## WORK REQUIRED
Leave out the pictures and transcribe every entry below exactly.

## DATA SHOWN
--- START ---

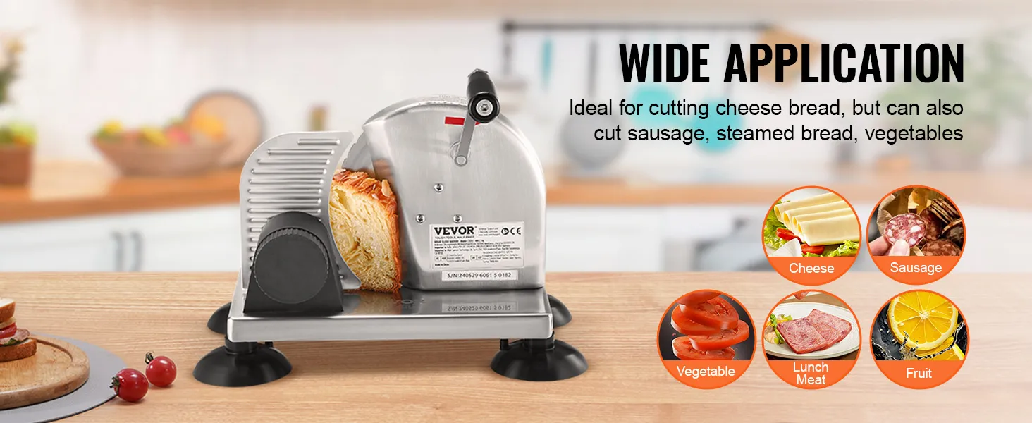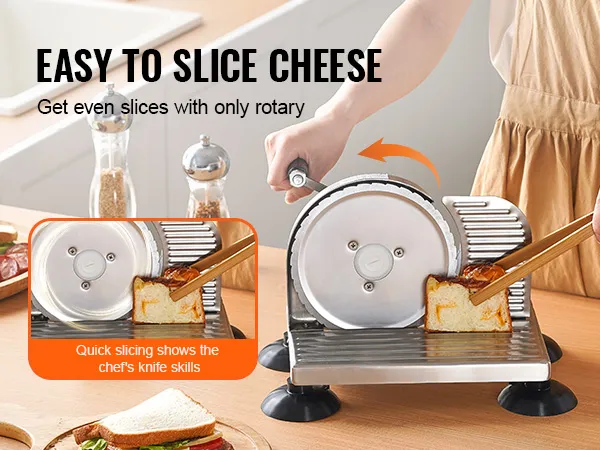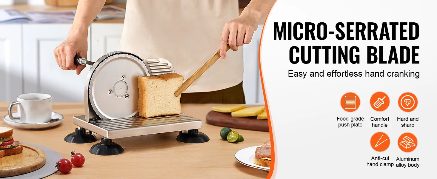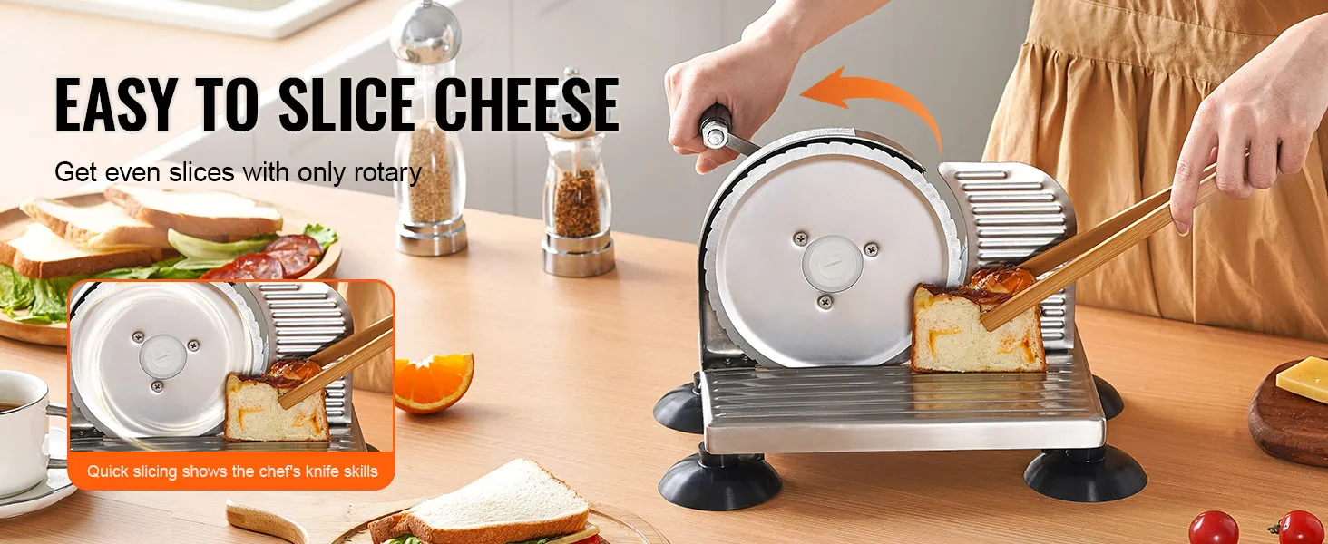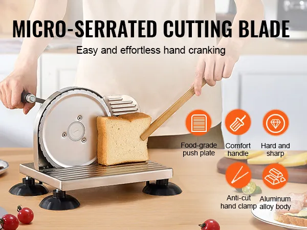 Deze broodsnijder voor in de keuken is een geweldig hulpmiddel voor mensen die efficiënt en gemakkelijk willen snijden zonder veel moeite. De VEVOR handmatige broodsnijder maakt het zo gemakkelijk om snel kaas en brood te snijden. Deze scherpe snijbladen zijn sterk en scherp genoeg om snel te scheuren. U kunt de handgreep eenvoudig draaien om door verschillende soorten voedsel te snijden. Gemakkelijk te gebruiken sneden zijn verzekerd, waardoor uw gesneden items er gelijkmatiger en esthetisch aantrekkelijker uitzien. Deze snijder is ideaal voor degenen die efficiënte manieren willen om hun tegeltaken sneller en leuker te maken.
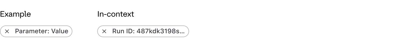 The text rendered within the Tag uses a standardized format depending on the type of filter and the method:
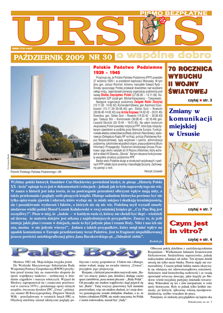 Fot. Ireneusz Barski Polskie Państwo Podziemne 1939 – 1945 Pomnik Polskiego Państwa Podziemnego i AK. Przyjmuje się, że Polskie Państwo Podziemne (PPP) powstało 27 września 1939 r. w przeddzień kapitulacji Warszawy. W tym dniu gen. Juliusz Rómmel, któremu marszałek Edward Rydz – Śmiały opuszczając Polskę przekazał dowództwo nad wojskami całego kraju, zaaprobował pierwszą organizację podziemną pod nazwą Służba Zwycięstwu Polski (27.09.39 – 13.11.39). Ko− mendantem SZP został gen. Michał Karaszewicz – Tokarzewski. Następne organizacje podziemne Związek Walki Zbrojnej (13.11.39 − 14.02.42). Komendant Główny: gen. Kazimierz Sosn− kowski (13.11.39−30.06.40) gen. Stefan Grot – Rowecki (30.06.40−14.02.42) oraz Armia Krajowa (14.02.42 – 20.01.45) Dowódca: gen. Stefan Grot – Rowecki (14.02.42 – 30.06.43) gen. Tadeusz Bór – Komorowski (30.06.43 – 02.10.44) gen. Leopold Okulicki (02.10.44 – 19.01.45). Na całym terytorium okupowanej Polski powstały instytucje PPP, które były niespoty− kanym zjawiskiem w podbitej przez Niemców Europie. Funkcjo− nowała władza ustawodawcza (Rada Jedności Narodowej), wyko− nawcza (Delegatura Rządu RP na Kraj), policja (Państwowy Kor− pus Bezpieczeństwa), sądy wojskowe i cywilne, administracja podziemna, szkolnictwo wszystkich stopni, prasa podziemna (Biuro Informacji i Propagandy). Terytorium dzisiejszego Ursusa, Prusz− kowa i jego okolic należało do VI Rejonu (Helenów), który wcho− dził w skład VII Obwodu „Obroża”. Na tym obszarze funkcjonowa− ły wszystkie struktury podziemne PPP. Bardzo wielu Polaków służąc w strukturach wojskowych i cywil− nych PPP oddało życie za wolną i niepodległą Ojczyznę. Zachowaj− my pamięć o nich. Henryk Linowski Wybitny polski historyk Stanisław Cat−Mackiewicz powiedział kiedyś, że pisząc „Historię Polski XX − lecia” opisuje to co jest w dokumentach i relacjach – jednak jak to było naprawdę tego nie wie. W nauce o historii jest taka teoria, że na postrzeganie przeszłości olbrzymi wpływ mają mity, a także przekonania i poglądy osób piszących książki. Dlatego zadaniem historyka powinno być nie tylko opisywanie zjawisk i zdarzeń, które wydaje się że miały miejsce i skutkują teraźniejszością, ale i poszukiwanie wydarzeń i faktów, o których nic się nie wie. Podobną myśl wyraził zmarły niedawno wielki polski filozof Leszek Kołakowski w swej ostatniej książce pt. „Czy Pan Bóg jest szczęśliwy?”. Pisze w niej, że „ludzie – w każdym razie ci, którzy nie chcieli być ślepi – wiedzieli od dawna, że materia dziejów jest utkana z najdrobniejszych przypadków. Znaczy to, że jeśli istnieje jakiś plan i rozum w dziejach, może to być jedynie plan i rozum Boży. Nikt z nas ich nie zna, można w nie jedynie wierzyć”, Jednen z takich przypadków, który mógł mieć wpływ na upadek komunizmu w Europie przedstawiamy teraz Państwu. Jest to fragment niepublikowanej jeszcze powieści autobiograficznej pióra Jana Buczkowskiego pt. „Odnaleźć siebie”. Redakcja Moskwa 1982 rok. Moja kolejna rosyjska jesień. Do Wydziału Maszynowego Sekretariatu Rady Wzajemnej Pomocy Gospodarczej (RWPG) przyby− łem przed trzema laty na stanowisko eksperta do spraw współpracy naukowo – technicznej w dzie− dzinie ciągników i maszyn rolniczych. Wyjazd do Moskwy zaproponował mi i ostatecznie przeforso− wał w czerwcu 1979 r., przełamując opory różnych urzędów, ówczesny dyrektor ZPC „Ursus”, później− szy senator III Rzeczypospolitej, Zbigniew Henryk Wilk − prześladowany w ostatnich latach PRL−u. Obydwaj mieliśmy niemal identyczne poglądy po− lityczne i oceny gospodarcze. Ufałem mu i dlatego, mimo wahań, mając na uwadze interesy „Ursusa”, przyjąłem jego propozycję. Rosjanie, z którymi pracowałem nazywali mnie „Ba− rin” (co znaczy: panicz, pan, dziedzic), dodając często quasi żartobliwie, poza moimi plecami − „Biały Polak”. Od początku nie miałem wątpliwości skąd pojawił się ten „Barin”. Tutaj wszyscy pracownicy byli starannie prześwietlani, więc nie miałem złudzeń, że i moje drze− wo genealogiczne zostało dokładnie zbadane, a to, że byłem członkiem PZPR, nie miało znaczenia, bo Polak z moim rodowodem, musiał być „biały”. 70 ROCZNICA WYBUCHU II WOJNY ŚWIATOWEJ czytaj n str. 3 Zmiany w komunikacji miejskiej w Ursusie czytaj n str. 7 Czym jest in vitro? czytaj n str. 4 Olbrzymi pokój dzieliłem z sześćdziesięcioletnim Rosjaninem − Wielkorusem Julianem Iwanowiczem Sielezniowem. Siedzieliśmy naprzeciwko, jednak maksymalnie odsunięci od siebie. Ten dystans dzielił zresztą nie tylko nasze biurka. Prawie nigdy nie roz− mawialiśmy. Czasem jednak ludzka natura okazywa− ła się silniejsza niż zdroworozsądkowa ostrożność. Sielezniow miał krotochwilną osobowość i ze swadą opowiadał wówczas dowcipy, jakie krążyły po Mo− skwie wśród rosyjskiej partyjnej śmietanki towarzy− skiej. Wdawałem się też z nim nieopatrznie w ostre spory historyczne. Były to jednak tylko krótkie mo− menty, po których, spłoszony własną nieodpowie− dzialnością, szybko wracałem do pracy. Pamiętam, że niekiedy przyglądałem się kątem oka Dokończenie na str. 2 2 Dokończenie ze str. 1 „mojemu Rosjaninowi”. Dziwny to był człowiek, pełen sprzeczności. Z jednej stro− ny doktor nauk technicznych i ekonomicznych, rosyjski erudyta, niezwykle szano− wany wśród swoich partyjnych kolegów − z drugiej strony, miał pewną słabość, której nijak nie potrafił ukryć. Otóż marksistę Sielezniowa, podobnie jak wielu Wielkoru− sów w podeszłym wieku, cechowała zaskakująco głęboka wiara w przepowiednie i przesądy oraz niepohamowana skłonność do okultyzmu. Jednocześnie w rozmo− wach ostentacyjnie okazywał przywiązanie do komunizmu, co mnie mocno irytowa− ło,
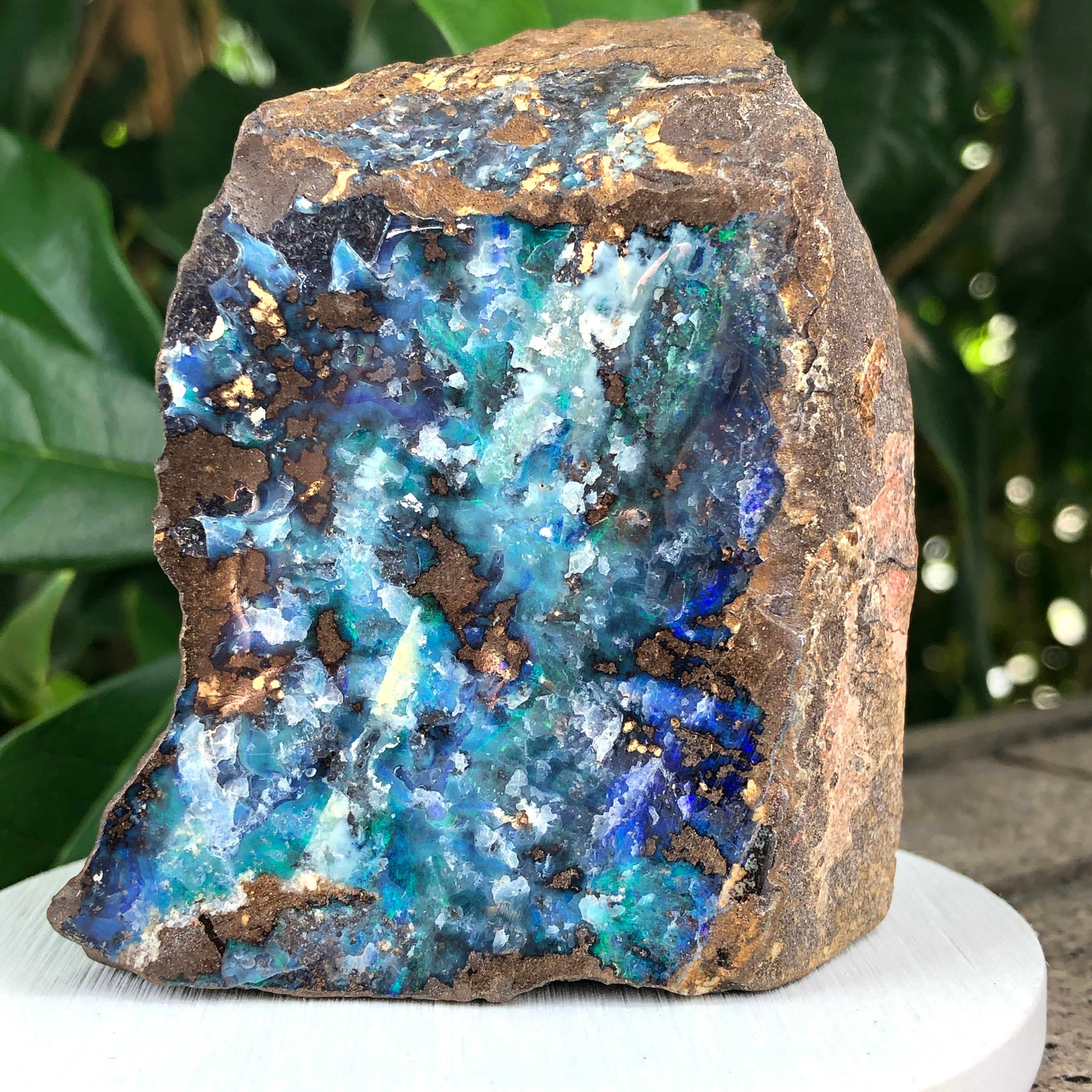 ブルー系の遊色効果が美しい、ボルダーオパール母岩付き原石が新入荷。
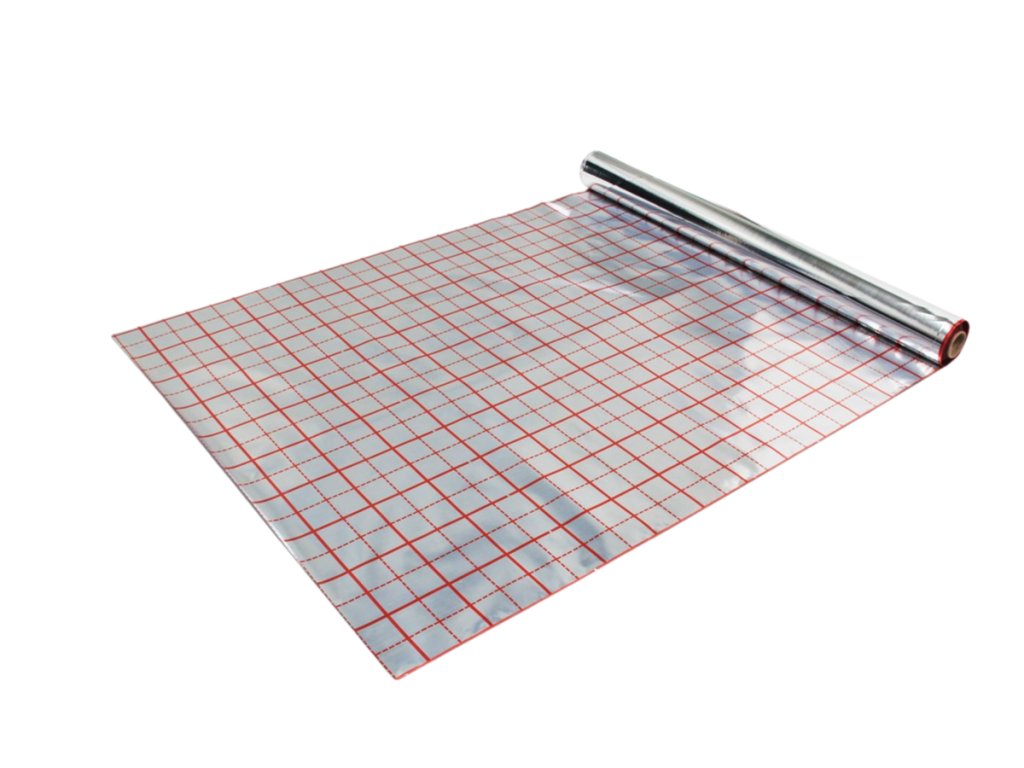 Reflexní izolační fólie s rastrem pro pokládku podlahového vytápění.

--- END ---

## EXERCISE RESULT
 Deze broodsnijder voor in de keuken is een geweldig hulpmiddel voor mensen die efficiënt en gemakkelijk willen snijden zonder veel moeite. De VEVOR handmatige broodsnijder maakt het zo gemakkelijk om snel kaas en brood te snijden. Deze scherpe snijbladen zijn sterk en scherp genoeg om snel te scheuren. U kunt de handgreep eenvoudig draaien om door verschillende soorten voedsel te snijden. Gemakkelijk te gebruiken sneden zijn verzekerd, waardoor uw gesneden items er gelijkmatiger en esthetisch aantrekkelijker uitzien. Deze snijder is ideaal voor degenen die efficiënte manieren willen om hun tegeltaken sneller en leuker te maken.
 The text rendered within the Tag uses a standardized format depending on the type of filter and the method:
 Fot. Ireneusz Barski Polskie Państwo Podziemne 1939 – 1945 Pomnik Polskiego Państwa Podziemnego i AK. Przyjmuje się, że Polskie Państwo Podziemne (PPP) powstało 27 września 1939 r. w przeddzień kapitulacji Warszawy. W tym dniu gen. Juliusz Rómmel, któremu marszałek Edward Rydz – Śmiały opuszczając Polskę przekazał dowództwo nad wojskami całego kraju, zaaprobował pierwszą organizację podziemną pod nazwą Służba Zwycięstwu Polski (27.09.39 – 13.11.39). Ko− mendantem SZP został gen. Michał Karaszewicz – Tokarzewski. Następne organizacje podziemne Związek Walki Zbrojnej (13.11.39 − 14.02.42). Komendant Główny: gen. Kazimierz Sosn− kowski (13.11.39−30.06.40) gen. Stefan Grot – Rowecki (30.06.40−14.02.42) oraz Armia Krajowa (14.02.42 – 20.01.45) Dowódca: gen. Stefan Grot – Rowecki (14.02.42 – 30.06.43) gen. Tadeusz Bór – Komorowski (30.06.43 – 02.10.44) gen. Leopold Okulicki (02.10.44 – 19.01.45). Na całym terytorium okupowanej Polski powstały instytucje PPP, które były niespoty− kanym zjawiskiem w podbitej przez Niemców Europie. Funkcjo− nowała władza ustawodawcza (Rada Jedności Narodowej), wyko− nawcza (Delegatura Rządu RP na Kraj), policja (Państwowy Kor− pus Bezpieczeństwa), sądy wojskowe i cywilne, administracja podziemna, szkolnictwo wszystkich stopni, prasa podziemna (Biuro Informacji i Propagandy). Terytorium dzisiejszego Ursusa, Prusz− kowa i jego okolic należało do VI Rejonu (Helenów), który wcho− dził w skład VII Obwodu „Obroża”. Na tym obszarze funkcjonowa− ły wszystkie struktury podziemne PPP. Bardzo wielu Polaków służąc w strukturach wojskowych i cywil− nych PPP oddało życie za wolną i niepodległą Ojczyznę. Zachowaj− my pamięć o nich. Henryk Linowski Wybitny polski historyk Stanisław Cat−Mackiewicz powiedział kiedyś, że pisząc „Historię Polski XX − lecia” opisuje to co jest w dokumentach i relacjach – jednak jak to było naprawdę tego nie wie. W nauce o historii jest taka teoria, że na postrzeganie przeszłości olbrzymi wpływ mają mity, a także przekonania i poglądy osób piszących książki. Dlatego zadaniem historyka powinno być nie tylko opisywanie zjawisk i zdarzeń, które wydaje się że miały miejsce i skutkują teraźniejszością, ale i poszukiwanie wydarzeń i faktów, o których nic się nie wie. Podobną myśl wyraził zmarły niedawno wielki polski filozof Leszek Kołakowski w swej ostatniej książce pt. „Czy Pan Bóg jest szczęśliwy?”. Pisze w niej, że „ludzie – w każdym razie ci, którzy nie chcieli być ślepi – wiedzieli od dawna, że materia dziejów jest utkana z najdrobniejszych przypadków. Znaczy to, że jeśli istnieje jakiś plan i rozum w dziejach, może to być jedynie plan i rozum Boży. Nikt z nas ich nie zna, można w nie jedynie wierzyć”, Jednen z takich przypadków, który mógł mieć wpływ na upadek komunizmu w Europie przedstawiamy teraz Państwu. Jest to fragment niepublikowanej jeszcze powieści autobiograficznej pióra Jana Buczkowskiego pt. „Odnaleźć siebie”. Redakcja Moskwa 1982 rok. Moja kolejna rosyjska jesień. Do Wydziału Maszynowego Sekretariatu Rady Wzajemnej Pomocy Gospodarczej (RWPG) przyby− łem przed trzema laty na stanowisko eksperta do spraw współpracy naukowo – technicznej w dzie− dzinie ciągników i maszyn rolniczych. Wyjazd do Moskwy zaproponował mi i ostatecznie przeforso− wał w czerwcu 1979 r., przełamując opory różnych urzędów, ówczesny dyrektor ZPC „Ursus”, później− szy senator III Rzeczypospolitej, Zbigniew Henryk Wilk − prześladowany w ostatnich latach PRL−u. Obydwaj mieliśmy niemal identyczne poglądy po− lityczne i oceny gospodarcze. Ufałem mu i dlatego, mimo wahań, mając na uwadze interesy „Ursusa”, przyjąłem jego propozycję. Rosjanie, z którymi pracowałem nazywali mnie „Ba− rin” (co znaczy: panicz, pan, dziedzic), dodając często quasi żartobliwie, poza moimi plecami − „Biały Polak”. Od początku nie miałem wątpliwości skąd pojawił się ten „Barin”. Tutaj wszyscy pracownicy byli starannie prześwietlani, więc nie miałem złudzeń, że i moje drze− wo genealogiczne zostało dokładnie zbadane, a to, że byłem członkiem PZPR, nie miało znaczenia, bo Polak z moim rodowodem, musiał być „biały”. 70 ROCZNICA WYBUCHU II WOJNY ŚWIATOWEJ czytaj n str. 3 Zmiany w komunikacji miejskiej w Ursusie czytaj n str. 7 Czym jest in vitro? czytaj n str. 4 Olbrzymi pokój dzieliłem z sześćdziesięcioletnim Rosjaninem − Wielkorusem Julianem Iwanowiczem Sielezniowem. Siedzieliśmy naprzeciwko, jednak maksymalnie odsunięci od siebie. Ten dystans dzielił zresztą nie tylko nasze biurka. Prawie nigdy nie roz− mawialiśmy. Czasem jednak ludzka natura okazywa− ła się silniejsza niż zdroworozsądkowa ostrożność. Sielezniow miał krotochwilną osobowość i ze swadą opowiadał wówczas dowcipy, jakie krążyły po Mo− skwie wśród rosyjskiej partyjnej śmietanki towarzy− skiej. Wdawałem się też z nim nieopatrznie w ostre spory historyczne. Były to jednak tylko krótkie mo− menty, po których, spłoszony własną nieodpowie− dzialnością, szybko wracałem do pracy. Pamiętam, że niekiedy przyglądałem się kątem oka Dokończenie na str. 2 2 Dokończenie ze str. 1 „mojemu Rosjaninowi”. Dziwny to był człowiek, pełen sprzeczności. Z jednej stro− ny doktor nauk technicznych i ekonomicznych, rosyjski erudyta, niezwykle szano− wany wśród swoich partyjnych kolegów − z drugiej strony, miał pewną słabość, której nijak nie potrafił ukryć. Otóż marksistę Sielezniowa, podobnie jak wielu Wielkoru− sów w podeszłym wieku, cechowała zaskakująco głęboka wiara w przepowiednie i przesądy oraz niepohamowana skłonność do okultyzmu. Jednocześnie w rozmo− wach ostentacyjnie okazywał przywiązanie do komunizmu, co mnie mocno irytowa− ło,
 ブルー系の遊色効果が美しい、ボルダーオパール母岩付き原石が新入荷。
 Reflexní izolační fólie s rastrem pro pokládku podlahového vytápění.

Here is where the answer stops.